Joint work with Tyler Lu.
- An introduction to electronic voting, with an application to single transferable vote (slides)
Jacques Traoré (Orange Labs, France)
Abstract: We will focus on this talk on electronic voting which emulates traditional voting in a networked environment. We will first introduce the model of e-voting and present the security requirements that an e-voting system must fulfil in order to be a proper substitute for a paper-ballot system. We will then address some particular drawbacks of traditional and e-voting systems and show that recent works give serious hope to overcome them -or, on the contrary, annihilate such a hope. In particular, we will explain how to securely handle complex election methods such as Single Transferable Vote. We will also give evidence that the "perfect system" cannot exist, by mentioning some recent impossibility results. In particular, perfect ballot secrecy and "universal" verifiability of the outcome of the election cannot be satisfied at the same time. We will conclude our presentation with a discussion of ongoing research in the area of e-voting protocols.
- LiquidFeedback and a fair process of
decision making (slides)
Andreas Nitsche (Interaktive Demokratie and LiquidFeedback, Germany)
Abstract: The talk will describe the challenge of debates within large scale
groups and how LiquidFeedback provides a self-organized opinion
formation process without moderator intervention even when real
conflicts are present. It will explain how LiquidFeedback protects
against the dominance of noisy minorities, hate speech and trolling, but
at the same time makes sure minorities can express their point of view.
The talk will also elaborate how LiquidFeedback can scale up to an
unlimited number of participants by using transitive proxy voting and
debate empowerment to allow a dynamic division of labor based on
individual choice (sometimes referred to as Liquid Democracy). It will
be shown how LiquidFeedback determines the voting options and avoids
encouragement for tactical voting in order to find the unbiased
collective preference. Other aspects of the talk are credibility and a
wide range of use cases.
- Issues in Real-World Matching Market Design (slides)
Elliott Peranson (National Matching Services Inc., Canada)
Abstract: Matching programs based on the deferred acceptance algorithm have been implemented in many markets for the placement of individuals into competitive positions. This session will focus on practical issues involved in initiating and administering a matching program for professional training positions, such as undergraduate and post-graduate internships and residencies. Market participants must first be convinced it will work for them. The market rules must be clearly defined, and the resources necessary to administer the program must be in place. The matching algorithm has evolved to meet real-world requirements, but this has required the development of mechanisms to address market instabilities. Techniques have also been developed to adjust the match processes to meet non-standard recruiter requirements. Finally, there may be legal issues that need to be addressed.

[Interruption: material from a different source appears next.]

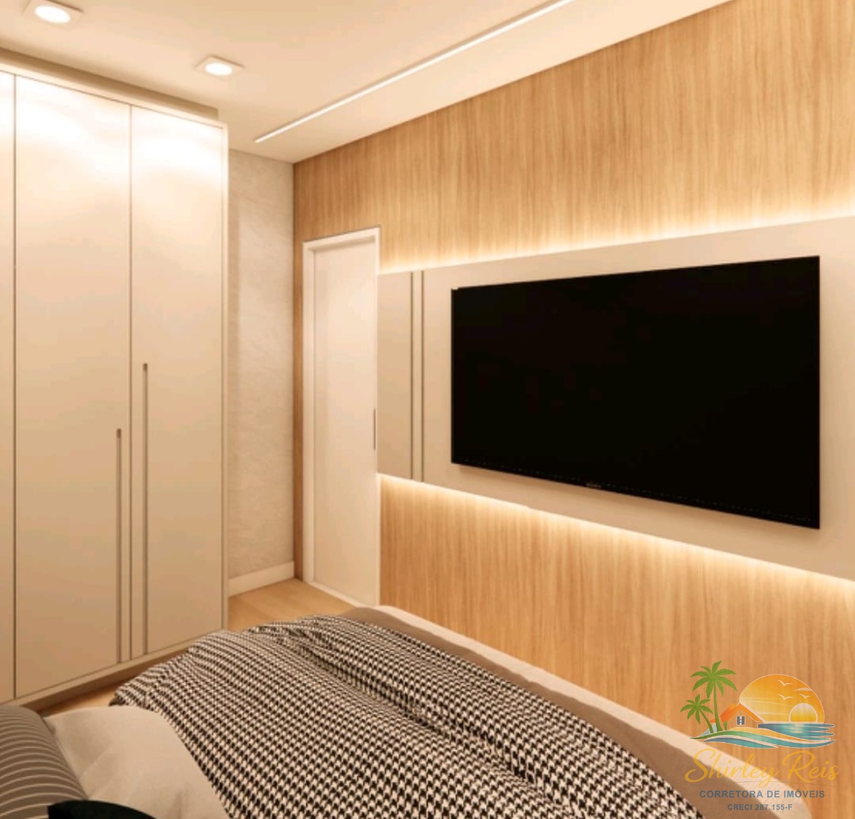 O apartamento ainda dispõe de uma suíte, além de um banheiro social, garantindo privacidade e conforto.

- Paired donor kidney transplantation in the UK(slides)
Matthew Robb (NHS Blood and Transplant, UK)
Abstract: There are currently over 5000 patients in need of a kidney transplant in the UK. The average waiting time is over 3 years for a deceased donor kidney and in this period the health of the patient deteriorates further. The best case scenario for a patient is if they have a willing living kidney donor (relative, partner or friend), eliminating waiting time on the list. However, even if the patient has a willing donor the transplant cannot always go ahead due to a blood group or tissue type incompatibility. The National Living Donor Kidney Sharing Scheme provides such patients an alternative route to transplantation. The matching process developed in collaboration with colleagues at the University of Glasgow utilises integer programming to maximise the number of transplants according to criteria agreed with the transplant community. This has now helped facilitate over 550 transplants.
The Industry Day is funded by the Cost Action IC1205 on Computational Social Choice.